Input material:
________

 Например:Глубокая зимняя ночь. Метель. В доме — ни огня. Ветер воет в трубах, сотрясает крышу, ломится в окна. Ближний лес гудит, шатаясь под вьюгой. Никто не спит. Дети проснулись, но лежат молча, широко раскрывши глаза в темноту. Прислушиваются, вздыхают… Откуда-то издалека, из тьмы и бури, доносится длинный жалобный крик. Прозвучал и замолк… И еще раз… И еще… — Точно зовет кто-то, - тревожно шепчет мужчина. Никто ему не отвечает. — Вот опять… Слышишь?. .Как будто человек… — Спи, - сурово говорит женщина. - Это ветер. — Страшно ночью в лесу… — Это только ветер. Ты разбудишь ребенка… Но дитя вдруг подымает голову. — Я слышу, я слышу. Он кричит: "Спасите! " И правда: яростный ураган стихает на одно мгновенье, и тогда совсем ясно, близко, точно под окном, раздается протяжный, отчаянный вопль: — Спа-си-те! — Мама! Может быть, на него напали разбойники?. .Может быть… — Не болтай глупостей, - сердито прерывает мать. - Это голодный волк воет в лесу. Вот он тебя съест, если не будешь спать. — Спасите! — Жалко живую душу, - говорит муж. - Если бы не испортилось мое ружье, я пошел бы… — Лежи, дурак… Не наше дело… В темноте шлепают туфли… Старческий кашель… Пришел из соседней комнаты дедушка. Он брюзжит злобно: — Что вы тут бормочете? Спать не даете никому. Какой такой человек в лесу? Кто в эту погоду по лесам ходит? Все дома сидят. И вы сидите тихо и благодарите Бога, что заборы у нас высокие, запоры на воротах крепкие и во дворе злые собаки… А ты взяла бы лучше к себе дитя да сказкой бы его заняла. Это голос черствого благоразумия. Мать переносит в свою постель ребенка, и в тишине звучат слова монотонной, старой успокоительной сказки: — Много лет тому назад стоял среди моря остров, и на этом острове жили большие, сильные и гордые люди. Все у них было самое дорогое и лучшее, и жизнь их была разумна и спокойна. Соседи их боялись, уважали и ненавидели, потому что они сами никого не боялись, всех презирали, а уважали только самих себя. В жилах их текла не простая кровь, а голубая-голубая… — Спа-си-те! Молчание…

________

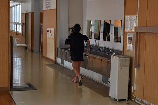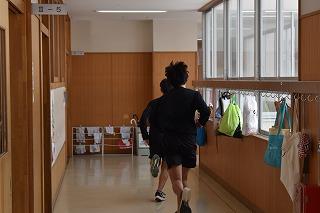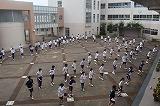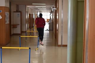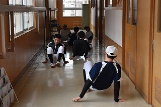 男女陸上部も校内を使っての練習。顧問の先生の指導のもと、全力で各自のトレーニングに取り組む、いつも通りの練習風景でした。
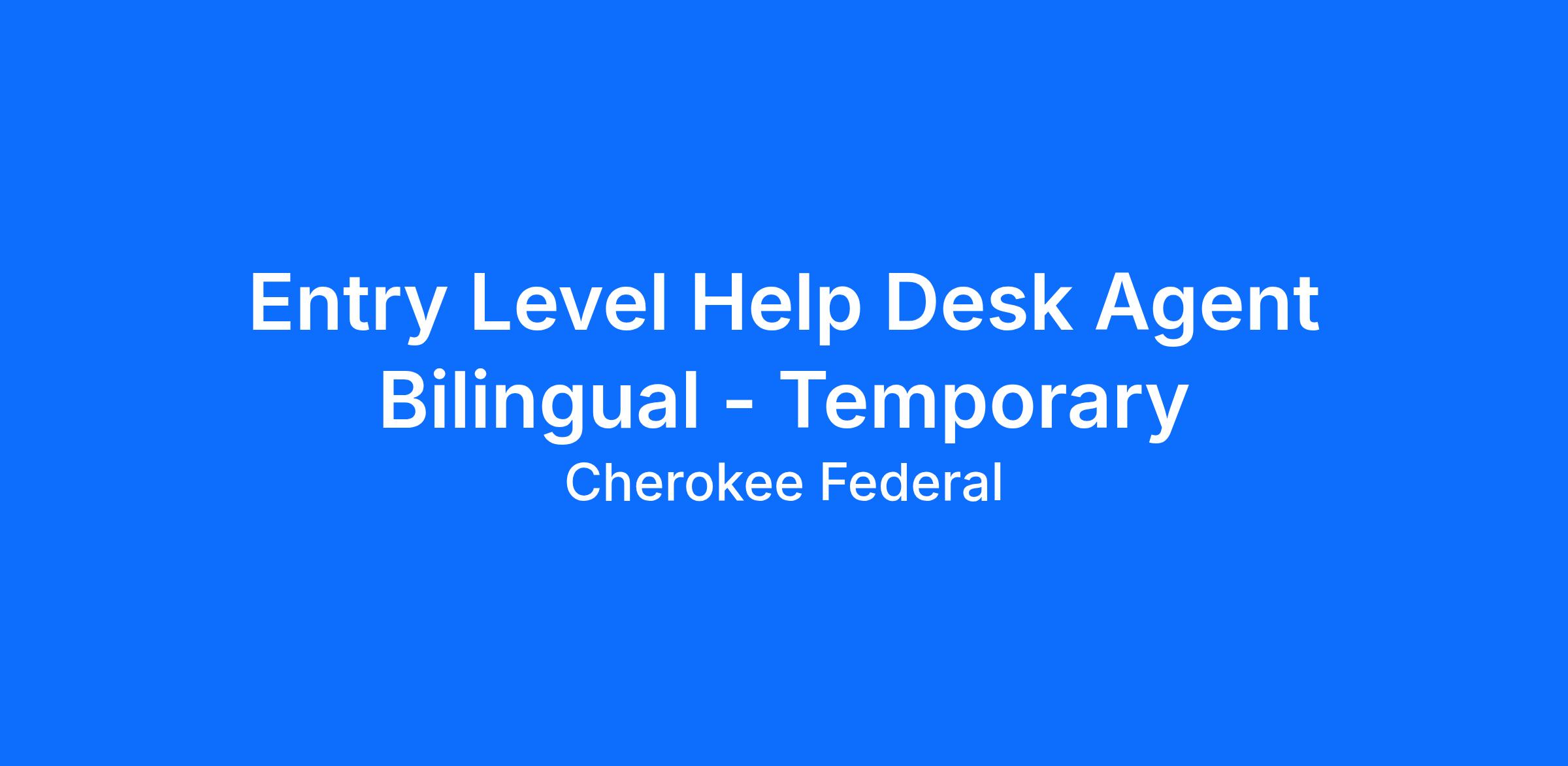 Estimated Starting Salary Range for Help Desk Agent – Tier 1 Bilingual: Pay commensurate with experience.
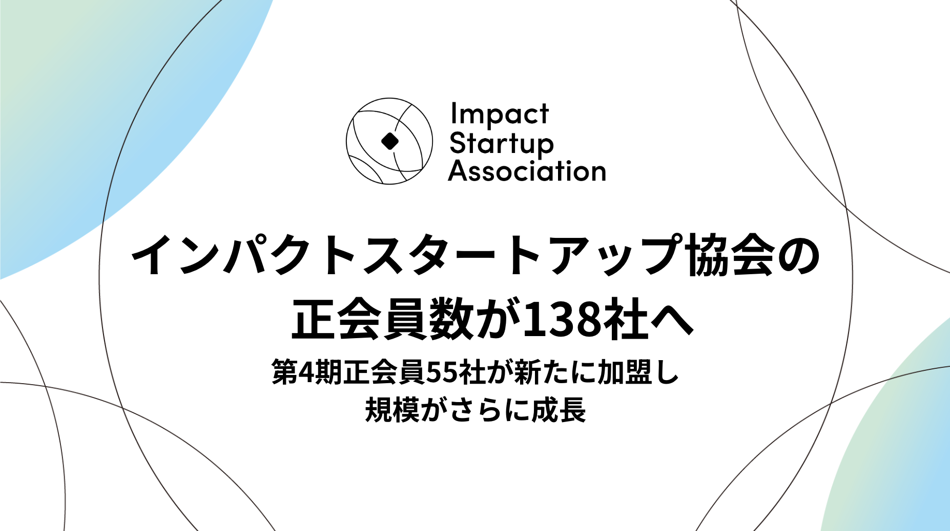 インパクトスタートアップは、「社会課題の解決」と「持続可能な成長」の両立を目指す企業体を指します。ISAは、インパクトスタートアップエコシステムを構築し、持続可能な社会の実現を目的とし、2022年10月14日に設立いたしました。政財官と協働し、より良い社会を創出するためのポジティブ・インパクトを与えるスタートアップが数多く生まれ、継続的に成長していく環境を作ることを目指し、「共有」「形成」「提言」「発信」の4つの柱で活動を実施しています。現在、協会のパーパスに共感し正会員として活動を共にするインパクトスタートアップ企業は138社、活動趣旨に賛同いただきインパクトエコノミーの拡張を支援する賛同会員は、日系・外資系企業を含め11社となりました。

________

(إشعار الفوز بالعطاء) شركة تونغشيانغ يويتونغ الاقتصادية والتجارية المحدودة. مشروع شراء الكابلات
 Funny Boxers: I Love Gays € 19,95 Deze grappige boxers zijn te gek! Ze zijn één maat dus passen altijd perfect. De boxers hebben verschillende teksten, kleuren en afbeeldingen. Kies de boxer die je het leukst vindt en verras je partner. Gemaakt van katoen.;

________

Work to be completed: The material above holds pictures; leave them out and set down exactly the lines from the line with "Estimated Starting Salary" to the line with "インパクトスタートアップは、", both included.

Task answer:
 Estimated Starting Salary Range for Help Desk Agent – Tier 1 Bilingual: Pay commensurate with experience.
 インパクトスタートアップは、「社会課題の解決」と「持続可能な成長」の両立を目指す企業体を指します。ISAは、インパクトスタートアップエコシステムを構築し、持続可能な社会の実現を目的とし、2022年10月14日に設立いたしました。政財官と協働し、より良い社会を創出するためのポジティブ・インパクトを与えるスタートアップが数多く生まれ、継続的に成長していく環境を作ることを目指し、「共有」「形成」「提言」「発信」の4つの柱で活動を実施しています。現在、協会のパーパスに共感し正会員として活動を共にするインパクトスタートアップ企業は138社、活動趣旨に賛同いただきインパクトエコノミーの拡張を支援する賛同会員は、日系・外資系企業を含め11社となりました。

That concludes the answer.